Why Obamacare Won't Hurt Insurance Companies

Obama's regulatory overhaul may hurt taxpayers, but it's a boon for the biggest insurance companies.


What got President Obama's contraceptive compromise into the headlines was the religious angle. What deserves to keep it there is the economic angle.

After Catholic organizations complained that the federal government wanted to force them to include free contraceptive coverage in their health insurance plans, the White House announced a compromise. As the White House described it, "if a woman's employer is a charity, hospital or other religious organization that has a religious objection to providing contraceptive services as part of its health plan, her insurance company – and not the hospital or charity – will be required to reach out and offer her contraceptive care free of charge."

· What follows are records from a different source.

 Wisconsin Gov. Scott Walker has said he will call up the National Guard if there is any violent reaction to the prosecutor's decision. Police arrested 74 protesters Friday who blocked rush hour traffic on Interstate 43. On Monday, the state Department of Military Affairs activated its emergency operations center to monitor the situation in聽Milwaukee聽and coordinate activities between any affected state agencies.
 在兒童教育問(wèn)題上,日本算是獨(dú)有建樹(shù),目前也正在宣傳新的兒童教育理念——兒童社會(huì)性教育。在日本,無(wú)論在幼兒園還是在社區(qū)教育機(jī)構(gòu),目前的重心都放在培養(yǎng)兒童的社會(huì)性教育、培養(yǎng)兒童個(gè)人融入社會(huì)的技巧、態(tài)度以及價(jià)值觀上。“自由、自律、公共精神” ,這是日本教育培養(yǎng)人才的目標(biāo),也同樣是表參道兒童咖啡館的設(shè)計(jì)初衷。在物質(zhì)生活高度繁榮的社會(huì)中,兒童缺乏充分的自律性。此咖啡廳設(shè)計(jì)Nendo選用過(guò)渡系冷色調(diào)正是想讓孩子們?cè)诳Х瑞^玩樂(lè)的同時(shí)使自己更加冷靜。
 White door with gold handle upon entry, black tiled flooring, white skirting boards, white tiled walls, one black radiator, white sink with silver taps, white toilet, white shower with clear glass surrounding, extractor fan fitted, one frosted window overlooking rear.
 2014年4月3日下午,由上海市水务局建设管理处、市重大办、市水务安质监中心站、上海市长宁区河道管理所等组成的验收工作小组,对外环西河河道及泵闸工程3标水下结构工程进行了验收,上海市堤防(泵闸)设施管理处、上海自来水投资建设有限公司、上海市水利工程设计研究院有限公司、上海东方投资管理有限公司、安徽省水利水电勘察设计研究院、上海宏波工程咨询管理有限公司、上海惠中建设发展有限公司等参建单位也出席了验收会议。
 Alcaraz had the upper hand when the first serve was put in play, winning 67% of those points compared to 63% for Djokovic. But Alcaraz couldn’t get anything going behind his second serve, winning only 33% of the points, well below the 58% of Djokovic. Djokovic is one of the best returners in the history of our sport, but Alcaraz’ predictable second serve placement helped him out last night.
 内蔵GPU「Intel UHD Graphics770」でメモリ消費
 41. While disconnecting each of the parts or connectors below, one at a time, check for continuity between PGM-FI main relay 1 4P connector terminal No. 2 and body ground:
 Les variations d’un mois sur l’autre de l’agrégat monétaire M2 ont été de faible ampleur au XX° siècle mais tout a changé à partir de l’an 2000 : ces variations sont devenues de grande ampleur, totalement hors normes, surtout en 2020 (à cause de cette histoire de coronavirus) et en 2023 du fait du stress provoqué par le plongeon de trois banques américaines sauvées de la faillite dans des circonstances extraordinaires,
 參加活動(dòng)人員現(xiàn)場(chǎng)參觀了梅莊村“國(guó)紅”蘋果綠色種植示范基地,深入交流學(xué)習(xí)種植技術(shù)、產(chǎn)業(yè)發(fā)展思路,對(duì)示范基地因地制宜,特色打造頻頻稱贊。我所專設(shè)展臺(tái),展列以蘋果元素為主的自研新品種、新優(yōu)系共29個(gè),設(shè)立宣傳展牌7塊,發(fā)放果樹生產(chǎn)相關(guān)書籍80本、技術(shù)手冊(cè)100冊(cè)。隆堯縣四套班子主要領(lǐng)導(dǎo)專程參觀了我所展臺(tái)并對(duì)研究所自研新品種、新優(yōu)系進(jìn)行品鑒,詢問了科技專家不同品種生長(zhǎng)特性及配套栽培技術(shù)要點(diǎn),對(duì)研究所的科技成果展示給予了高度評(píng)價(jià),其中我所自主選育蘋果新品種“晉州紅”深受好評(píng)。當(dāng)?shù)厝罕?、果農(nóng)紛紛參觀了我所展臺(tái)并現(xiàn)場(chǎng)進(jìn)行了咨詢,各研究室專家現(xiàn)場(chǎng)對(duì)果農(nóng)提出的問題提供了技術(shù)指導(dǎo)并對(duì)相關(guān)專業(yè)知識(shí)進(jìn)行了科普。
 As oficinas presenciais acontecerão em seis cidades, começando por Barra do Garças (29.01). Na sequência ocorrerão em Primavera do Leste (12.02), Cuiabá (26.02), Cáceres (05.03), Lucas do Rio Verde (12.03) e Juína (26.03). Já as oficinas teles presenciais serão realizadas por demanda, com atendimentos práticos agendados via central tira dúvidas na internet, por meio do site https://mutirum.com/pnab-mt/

The Wall Street Journal nailed it in an editorial published Saturday: "There is simply no precedent for the government ordering private companies to offer a product for free." America's Health Insurance Plans, a trade association for the insurance companies, issued a statement that said, in part, "We are concerned about the precedent this proposed rule would set."

One wit emailed me the quip: "If Reagan was the Great Communicator, Obama is the Great Confiscator." How else to describe a president who tells a company it has to give away things for free?

But before shedding any tears for the insurance companies, check their stock prices. One of the most remarkable moments of the administration came on June 24, 2009, when, during a nationally televised ABC News "town hall" meeting on health care from the White House, Mr. Obama told Aetna's CEO, "Aetna is a well-managed company and I am confident that your shareholders are going to do well."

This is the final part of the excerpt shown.